When a person turns 18, they become a citizen. People who are 18 vote, serve in the military, and even run for local political offices. But for extremely convoluted reasons, Americans are legally forbidden to drink alcohol until they are 21. The idea that citizens who are entrusted with the responsibility of voting and serving in the military are legally denied the right to drink an occasional beer is, quite frankly, bizarre.
Technically speaking, it is the constitutional right of each individual state to set its own legal drinking age. In a practical sense, however, the federal government usurped this right with the National Minimum Drinking Age Act of 1984, which withheld federal highway funding to those states which refused to increase the drinking age to 21. In addition to trampling upon the rights of the individual states, this law enacted age discrimination and was, quite simply, bad policy.

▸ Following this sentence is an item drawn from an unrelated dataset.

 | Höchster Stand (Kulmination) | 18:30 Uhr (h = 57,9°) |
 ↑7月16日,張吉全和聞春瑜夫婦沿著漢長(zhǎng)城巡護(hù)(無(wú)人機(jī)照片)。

The United States is alone among developed Western nations in upholding a legal drinking age of 21. Nearly every other Western democracy has a legal drinking age of 18 or 16. Some Europeans countries, Norway and the Netherlands among them, have no drinking age at all. According to the logic of the anti-alcohol activists who pushed for the National Minimum Drinking Age Act, European nations should have far worse problems related to alcohol than does the United States. But a cursory glance at the facts demonstrates that the opposite is true.

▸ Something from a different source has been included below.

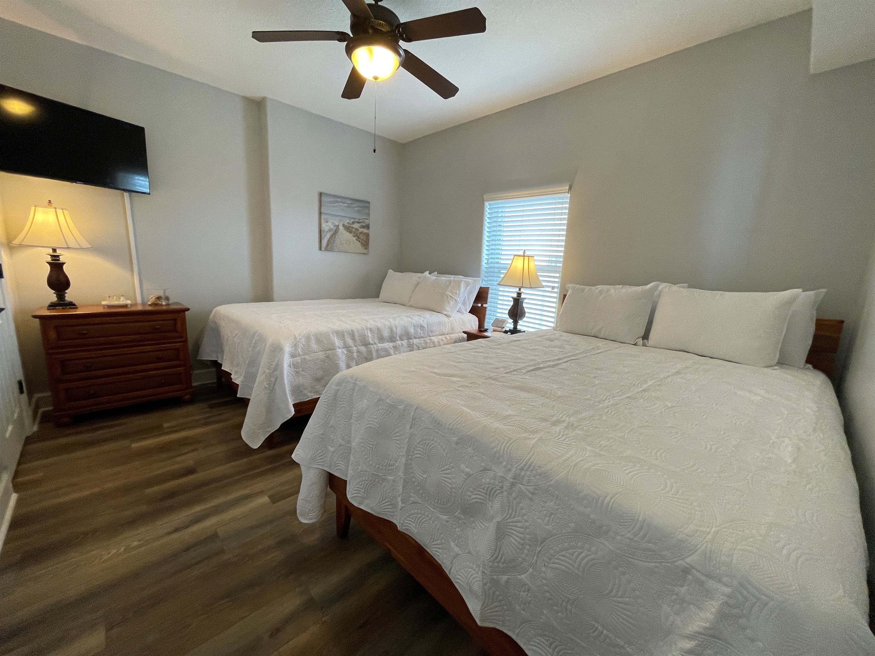 Spend quality family time in the spacious Gulf Front living area with balcony access. Designed with luxury in mind, you will have plenty of room to relax and watch the large HD flat screen TV or surf the NET with our complimentary Wi-Fi Access. This living area is furnished with comfortable pull out sleeper sofa and loveseat. Your 2 bedroom condo sleeps 6 comfortably and offers a scenic Gulf front master bedroom with balcony access. The master bedroom offers a King bed with a beautiful ocean inspired colors. The guest bedroom offers a King Bed. You will find your own private tile bath with new shower curtains and other decor off of each bedroom. All bedrooms are equipped with HD flat screen TVS.

Consider France, where the drinking age is 16. This is a country where wine is considered a regular part of the average family meal, and young people are raised in a cultural environment that promotes responsible consumption of alcohol. While people between 18 and 21 in France do drink more than their American counterparts, they are significantly fewer cases of dangerous intoxication. Proportionately, France has substantially fewer drunk-driving deaths than does the United States, and fewer injuries and deaths resulting from alcohol-related accidents or violence.
If the arguments of the anti-alcohol advocates were correct, France should have more youth alcohol-related problems than the United States, because it's drinking age is five years younger than that of America. Instead, France has fewer such problems. It's not a coincidence.
In addition to bad policy, the legal drinking age is effectively unenforceable in any event. Anyone who pays a momentary visit to an American college campus can see this. The major consequence of the law is to drive youth drinking underground. Rather than drinking in bars or pubs, where the proprietors can refuse to serve someone clearly intoxicated, youth drinking on American college campuses generally takes place in home parties, where it is much easier for young people to get out of control. Raising the drinking age to 21 is a classic case of a well-meaning (albeit misguided) policy having precisely the opposite effect of what it intended.
Advocates of maintaining a drinking age of 21 sometimes claim that the National Minimum Drinking Age Act was responsible for the decline in drunk driving deaths since the early 1980s. Again, rational analysis refutes this argument. The decline in drunk driving deaths seems more due to the substantial increase in the use of seat belts and the inclusion of airbags in American automobiles since 1984.
Even if it couldn't be demonstrated that raising the drinking age to 21 was bad policy, an argument could be made that the law was unsound because it increased the power of the federal government at the expense of the states. If there is one tenant of Jeffersonianism that we need to regain in the 21st Century, it is the concept of federalism. The National Minimum Drinking Age Act should be repealed and the states should again have the power to determine their own legal drinking age. If this were to be done, I think we would find that those states which returned to a legal drinking age of 18 would begin to have fewer youth alcohol-related youth problems.